Config file parameters

Augmented Autoencoders

Implicit 3D Orientation Learning for 6D Object Detection from RGB Images

Martin Sundermeyer, Zoltan-Csaba Marton, Maximilian Durner, Manuel Brucker, Rudolph Triebel
Best Paper Award, ECCV 2018.

paper, supplement, oral

Citation

If you find Augmented Autoencoders useful for your research, please consider citing:

@InProceedings{Sundermeyer_2018_ECCV,
author = {Sundermeyer, Martin and Marton, Zoltan-Csaba and Durner, Maximilian and Brucker, Manuel and Triebel, Rudolph},
title = {Implicit 3D Orientation Learning for 6D Object Detection from RGB Images},
booktitle = {The European Conference on Computer Vision (ECCV)},
month = {September},
year = {2018}
}

Multi-path Learning for Object Pose Estimation Across Domains

Martin Sundermeyer, Maximilian Durner, En Yen Puang, Zoltan-Csaba Marton, Narunas Vaskevicius, Kai O. Arras, Rudolph Triebel
CVPR 2020
The code of this work can be found here

Overview

We propose a real-time RGB-based pipeline for object detection and 6D pose estimation.
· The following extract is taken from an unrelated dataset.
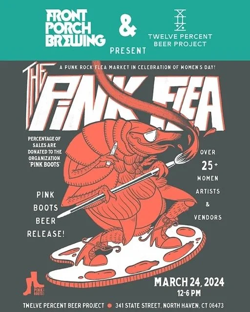 Back to All Events PINK FLEA Sunday, March 24, 2024 12:00 PM 6:00 PM Twelve Percent Beer Project 341 State Street North Haven, CT, 06473 United States (map) Google Calendar ICS

Our novel 3D orientation estimation is based on a variant of the Denoising Autoencoder that is trained on simulated views of a 3D model using Domain Randomization. This so-called Augmented Autoencoder has several advantages over existing methods: It does not require real, pose-annotated training data, generalizes to various test sensors and inherently handles object and view symmetries.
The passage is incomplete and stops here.